Davood Parsa-Pajouh  (Persian: داوود  پارساپژوه ) was a prominent scholar at the University of Tehran. He was professor of the Department of Wood Science and Technology at the Faculty of Natural Resources, and the author and translator of several books and articles in this area.

Biography
Parsa-Pajouh was born in Tehran at 1941. After graduation from Hadaf High School, he entered the Faculty of Agriculture at the University of Tehran. He received his bachelor's degree in Forest and Range Engineering at 1965. Thereafter, he was awarded a National Scholarship to continue his post-graduate study at the French National School of Forestry in Nancy, France. He returned to Iran in 1970 after receiving his PhD degree in Wood Technology & Engineering, and started to work as a lecturer in the Faculty of Natural Resources.
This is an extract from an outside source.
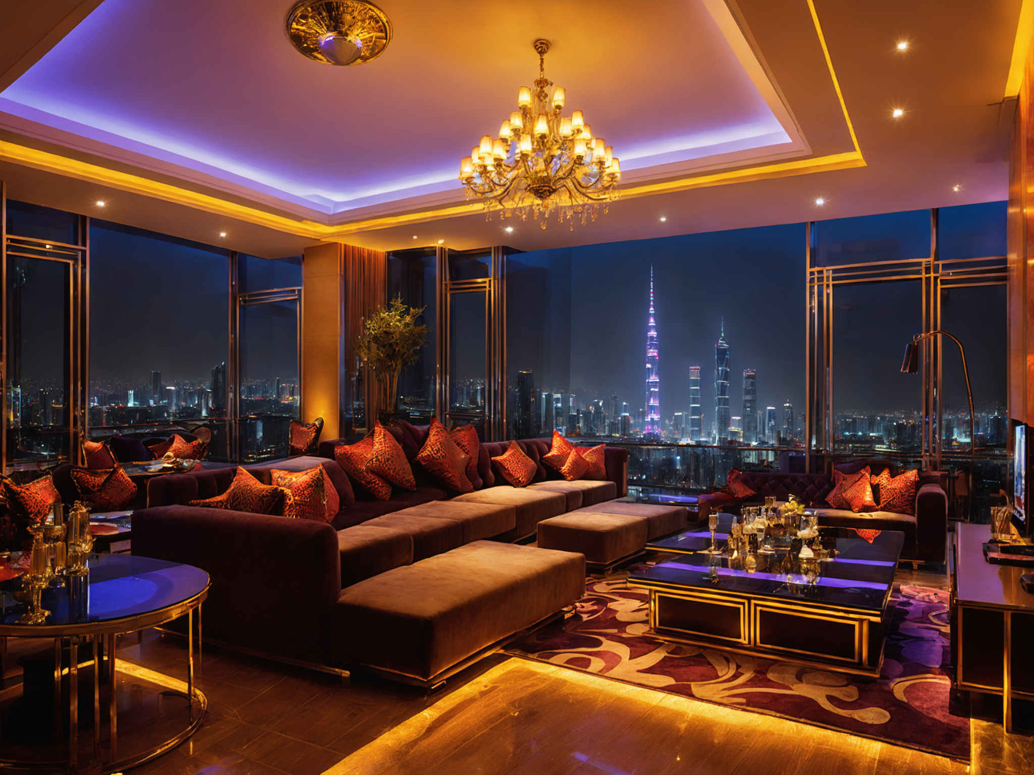 ktv,<lora:ktv_XL:0.6>,indoors,table,couch,lamp,candlestand,cup,food,towering skyscraper top floor space,large floor-to-ceiling windows,with a view overlooking the city's night view., An atmosphere that is high-end and atmospheric,combining the prosperity of the city with the tranquility of the starlit night., A style of modern urban,combining a sense of luxury with a sense of fashion., The background of the city skyline at night,the flickering neon lights,and the outline of distant high-rise buildings., Indoor lighting complements the city's night view,using indirect lighting and dimming techniques to create atmosphere.,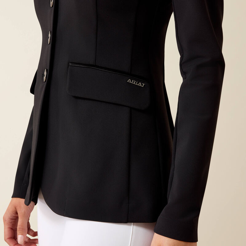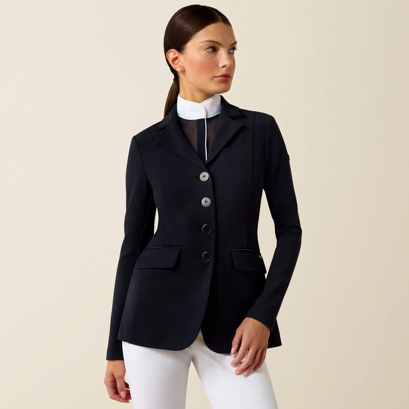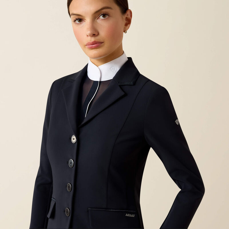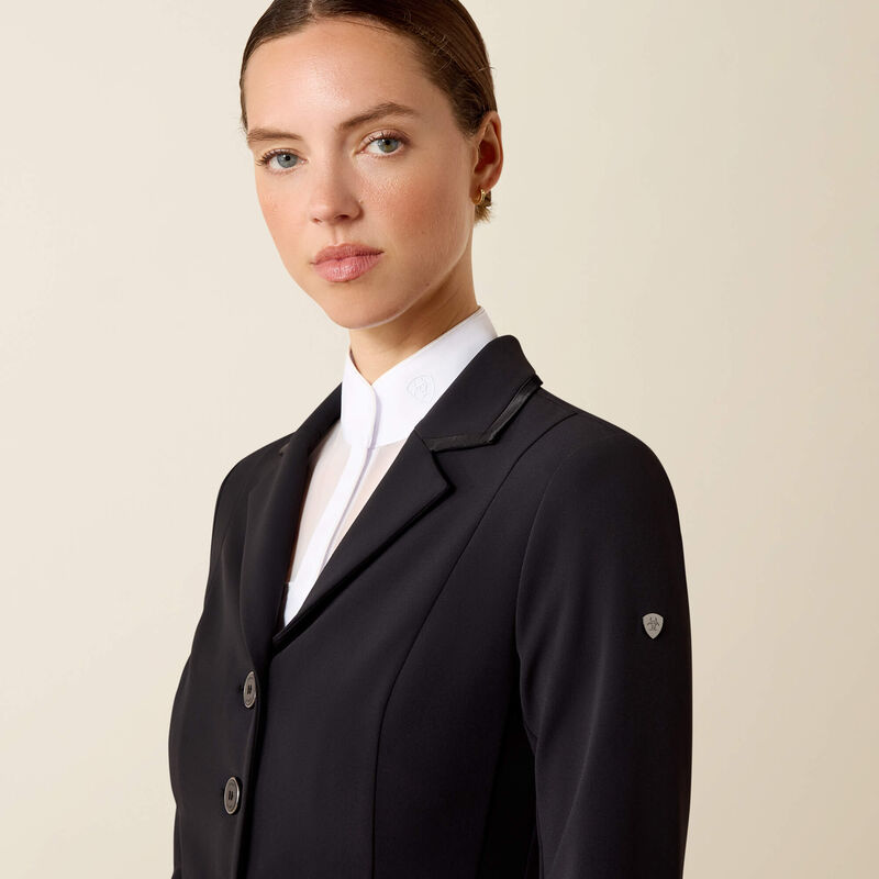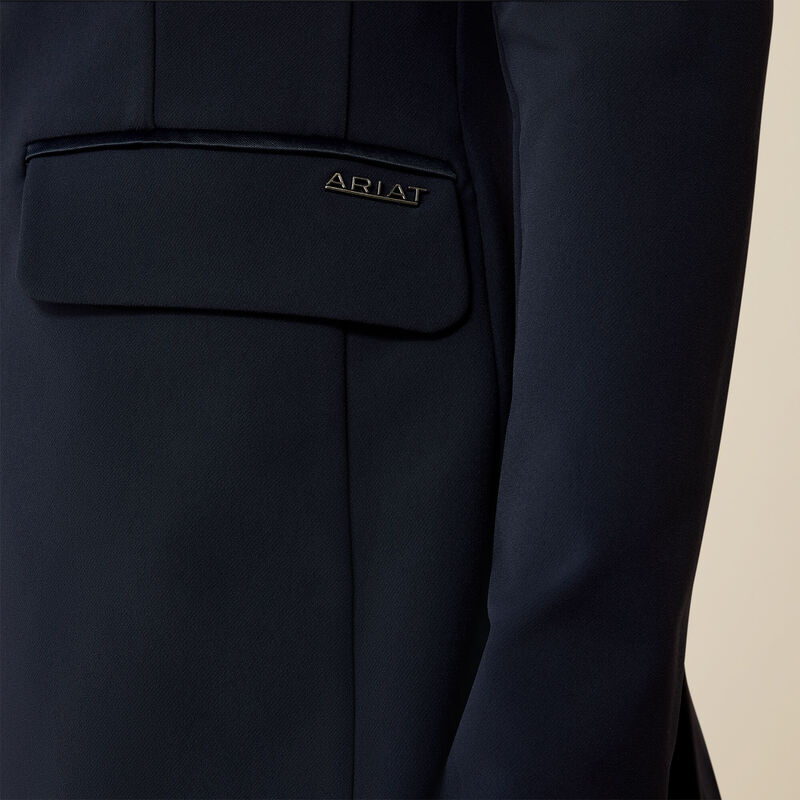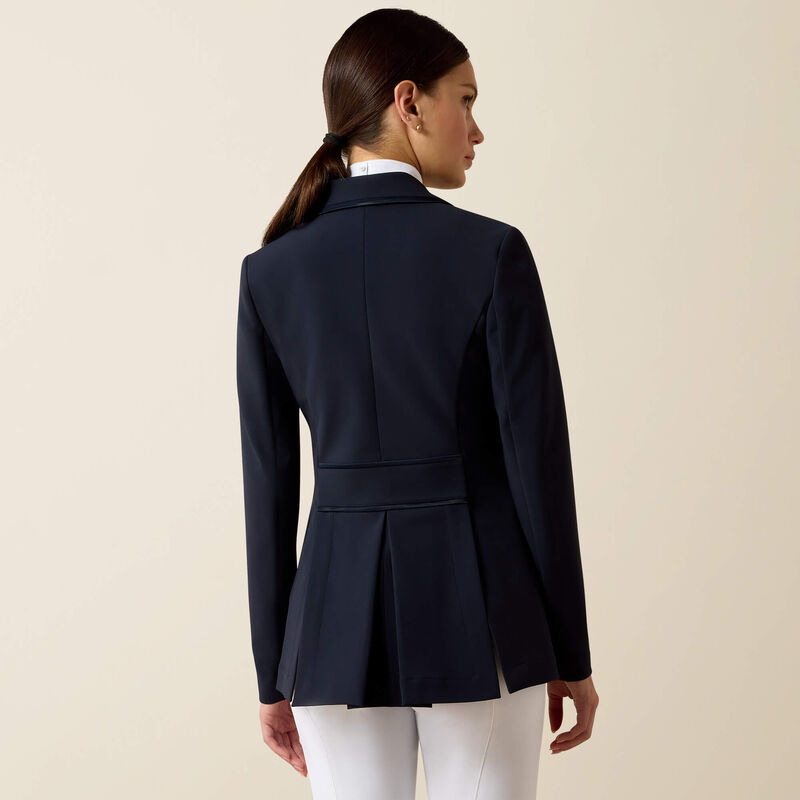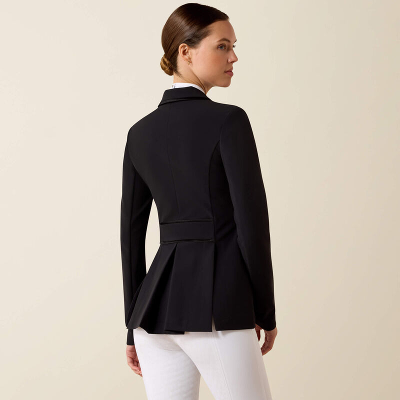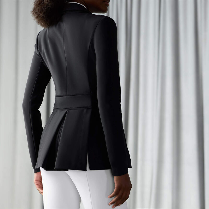 This beautiful show coat is the cornerstone of our Allure Collection. Elegant, meticulously crafted, and unmistakably feminine, with subtle satin piping and the perfect amount of stretch. A refined box pleat and shaping at the waist will flatter your shape and wow the judges.

Parsa-Pajouh participated in several research programs in France and Switzerland during his professional career.

Responsibilities 

Parsa-Pajouh dedicated years of his career to academic executive roles and responsibilities, which are highlighted as follows:
Vice-Chancellor of the University of Tehran
Dean of the Faculty of Natural Resources of the University of Tehran
Head of the Department of Wood Science and Technology
Member of the Academic Promotions Committee of the University of Tehran
Member of the Academic Promotions Committee of the Ministry of Science, Research, and Technology  
Member of the Academy of Sciences and head of the Wood Science Group
Editor of the Iranian Journal of Natural Resources

Honours
Honoured as Distinguished Researcher of the University of Tehran in 1991
Honoured as Distinguished Professor of the University of Tehran in 1992
Honoured as Nationwide Distinguished Professor in 1993
In 2015, his book Wood Technology was honoured as one of the 80 treasures of the University of Tehran

Books and translations
Wood Technology, University of Tehran Press
Industrial Timber Preservation, University of Tehran Press
Atlas of the Woods of the North of Iran, University of Tehran Press
Tree Multi-lingual encyclopedia, University of Tehran Press
Paper and composites from agro-based resources, University of Tehran Press
House Termites, Shahid Rajaee Teacher Training University Press

Death and funeral
Davood Parsa-Pajouh died on 11 August 2015 at the age of 74, at Laleh Hospital in Tehran. He was buried in the Nam-Avaran plot in Behesht-e Zahra, which is reserved for national scholars and scientists.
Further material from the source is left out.